» Record set
************

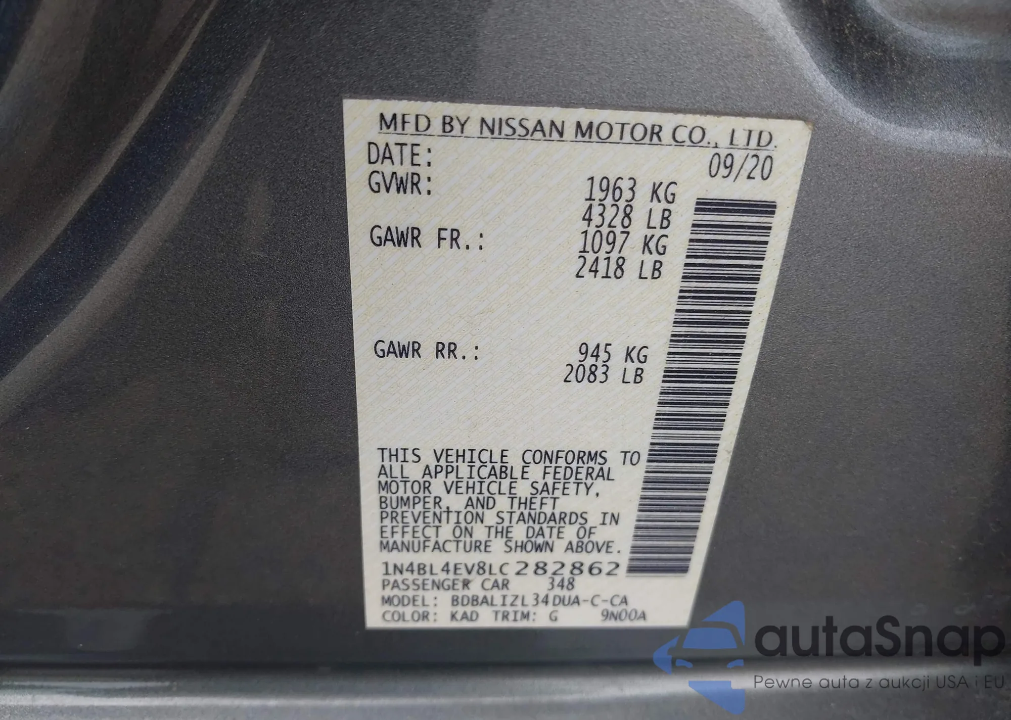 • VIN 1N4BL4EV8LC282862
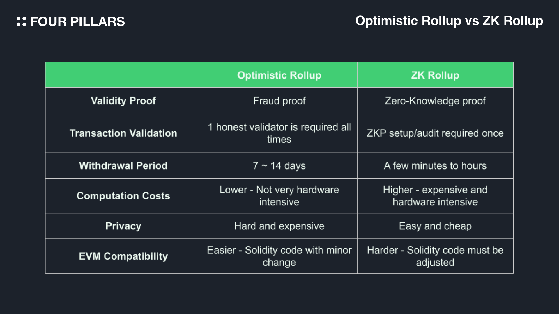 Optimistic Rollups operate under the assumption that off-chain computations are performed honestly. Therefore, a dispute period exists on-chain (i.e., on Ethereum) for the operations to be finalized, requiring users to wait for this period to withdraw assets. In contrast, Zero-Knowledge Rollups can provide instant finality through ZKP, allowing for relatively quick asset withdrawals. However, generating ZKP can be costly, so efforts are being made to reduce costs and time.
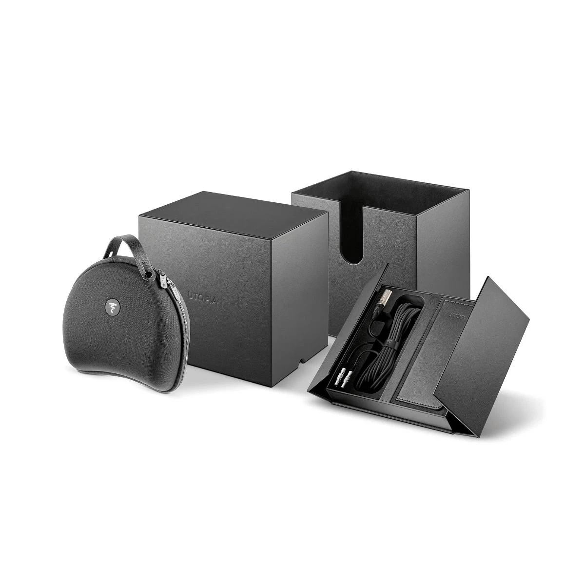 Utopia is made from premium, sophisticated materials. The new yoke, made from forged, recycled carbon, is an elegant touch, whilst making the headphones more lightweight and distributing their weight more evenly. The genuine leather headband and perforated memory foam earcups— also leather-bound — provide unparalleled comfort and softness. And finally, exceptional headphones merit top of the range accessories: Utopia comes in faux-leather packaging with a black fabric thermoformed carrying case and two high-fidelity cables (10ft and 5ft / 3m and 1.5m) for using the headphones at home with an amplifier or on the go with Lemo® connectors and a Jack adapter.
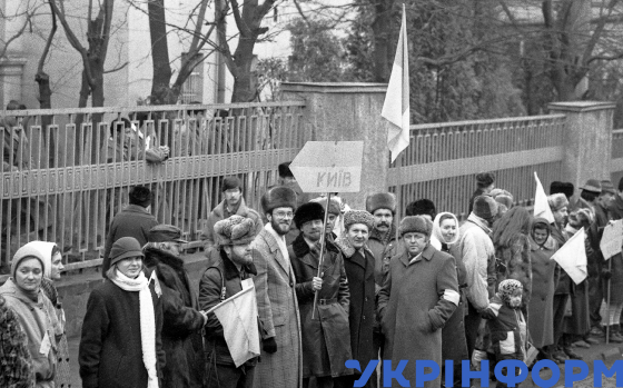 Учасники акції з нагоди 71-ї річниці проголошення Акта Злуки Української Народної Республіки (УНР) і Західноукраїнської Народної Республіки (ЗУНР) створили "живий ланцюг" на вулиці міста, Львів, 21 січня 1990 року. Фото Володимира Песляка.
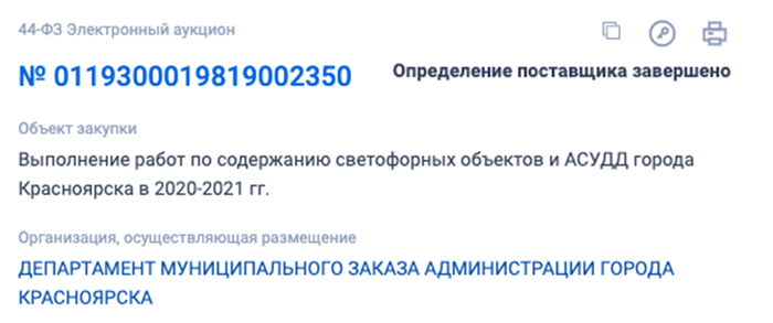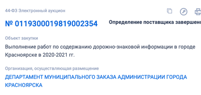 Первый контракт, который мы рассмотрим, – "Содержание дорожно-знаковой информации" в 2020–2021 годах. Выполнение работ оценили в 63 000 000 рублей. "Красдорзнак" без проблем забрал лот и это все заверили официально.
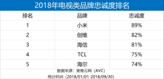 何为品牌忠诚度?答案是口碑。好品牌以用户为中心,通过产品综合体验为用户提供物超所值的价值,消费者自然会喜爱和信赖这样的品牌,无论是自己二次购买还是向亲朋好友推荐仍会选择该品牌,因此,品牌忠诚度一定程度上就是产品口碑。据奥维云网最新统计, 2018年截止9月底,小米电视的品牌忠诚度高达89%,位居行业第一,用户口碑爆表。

************

» Work required
Only the lines from the one containing "Первый контракт, который" to the end of the listing belong in the answer, exactly as they stand and with no pictures.

» Response to the exercise
 Первый контракт, который мы рассмотрим, – "Содержание дорожно-знаковой информации" в 2020–2021 годах. Выполнение работ оценили в 63 000 000 рублей. "Красдорзнак" без проблем забрал лот и это все заверили официально.
 何为品牌忠诚度?答案是口碑。好品牌以用户为中心,通过产品综合体验为用户提供物超所值的价值,消费者自然会喜爱和信赖这样的品牌,无论是自己二次购买还是向亲朋好友推荐仍会选择该品牌,因此,品牌忠诚度一定程度上就是产品口碑。据奥维云网最新统计, 2018年截止9月底,小米电视的品牌忠诚度高达89%,位居行业第一,用户口碑爆表。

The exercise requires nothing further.